Brigadier General Clifford Schoeffler (March 8, 1924 - August 22, 2005) was director of operations and training in the Office of the Deputy Chief of Staff, Operations, Headquarters Strategic Air Command, Offutt Air Force Base, Nebraska. He was a command pilot with more than 10,000 flying hours accumulated during his career.

==Early life==
Schoeffler was born in Lafayette, Louisiana, where he graduated from Lafayette High School in 1940 and attended the University of Louisiana at Lafayette, then named the Southwestern Louisiana Institute. In 1942 he enlisted in the United States Army Air Corps Reserve and began pilot training as an aviation cadet at Kelly Field, Texas. He received his pilot wings and commission as a second lieutenant in 1943.

==Military career==
===Early career===
After serving in 1944 as a B-24 pilot in which he completed 30 missions for the Eighth Air Force in England, he returned to the United States. He became an instructor pilot at Bryan Army Air Base, Texas, and later at Barksdale Air Force Base, Louisiana.

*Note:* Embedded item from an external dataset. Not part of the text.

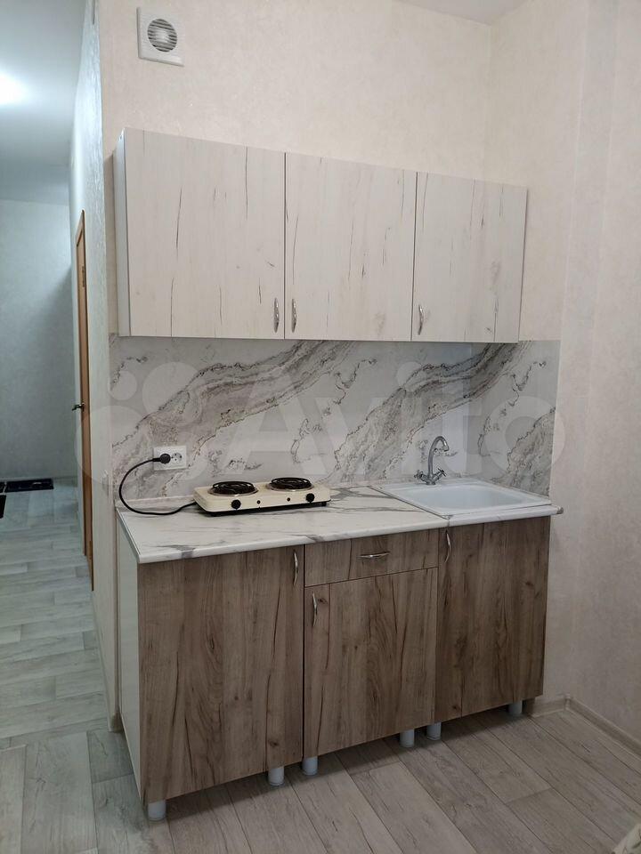 Сдаётся в аренду уютная 1 комнатная квартира- студия в новом доме. В квартире никто ни разу ещё не жил, имеется всё для комфортного проживания: спальное место- диван с выдвижным механизмом, комод и шкаф для хранения вещей, телевизор, обеденная группа, кухонный гарнитур оснащён варочной поверхностью, духовым шкафом, микроволновкой и холодильником, в ванной установлена стиральная машина. С балкона открывается красивый вид на город. Квартира очень тёплая. Вокруг дома имеется вся необходимая инфраструктура, в том числе транспортная.

===Carswell Air Force Base===
From 1948 to 1960, Schoeffler was stationed at Carswell Air Force Base, Texas. During the return of the 7th Bomb Wing from an Arctic bombing exercise then-Lt Col Schoeffler was involved in a crash at Canadian Forces Base Goose Bay on 12 February 1953 that claimed two lives. Flying through adverse weather Schoeffler was receiving directions for an instrument landing by a ground control operator who was actually monitoring another nearby B-36. Colonel Chadwell, the Wing Commander, was on board at the time. When the plane hit the ground the aft section broke off and the open end acted like a giant scoop packing in the snow. This incident would provide the basis for the 1955 film Strategic Air Command starring James Stewart which Schoeffler served as a consultant. He graduated from the Air Tactical School at Tyndall Air Force Base, Florida. While at Carswell he also flew B-29 Superfortress and B-52 Stratofortress aircraft, and accumulated more than 5,000 hours flying the B-36. He served consecutively as a crewmember, flight standardization chief, squadron commander, and deputy commander for operations of the 7th Bombardment Wing.

===1961-1975===
Schoeffler graduated from the Air War College at Maxwell Air Force Base, Alabama, in 1961. He next was assigned to the 379th Bombardment Wing, equipped with B-52H aircraft, at Wurtsmith Air Force Base, Michigan, where he served as squadron commander, deputy commander for operations, and as a 40th Air Division operations staff officer. He returned to Barksdale Air Force Base in 1965, and was assigned as operations chief in the office of the inspector general, Second Air Force, and a year later became deputy commander for operations of the 2nd Bombardment Wing.

He traveled to the Republic of Vietnam in 1967 as deputy chief of the Strategic Air Command advanced echelon at Tan Son Nhut Air Base. He flew combat missions in B-52 Stratofortress, KC-135, and UH-1 Iroquois aircraft. In 1968 he was transferred to Strategic Air Command headquarters as chief of the Contingency Division in the office of the deputy chief of staff, operations. In 1972 he was assigned to the Joint Chiefs of Staff in Washington, D.C., as chief of the Strategic Operations Division within the Directorate of Operations. He was promoted to the rank of brigadier general on April 2, 1973. He returned to SAC headquarters in 1974 to assume duties as director of operations and training. He retired in 1975.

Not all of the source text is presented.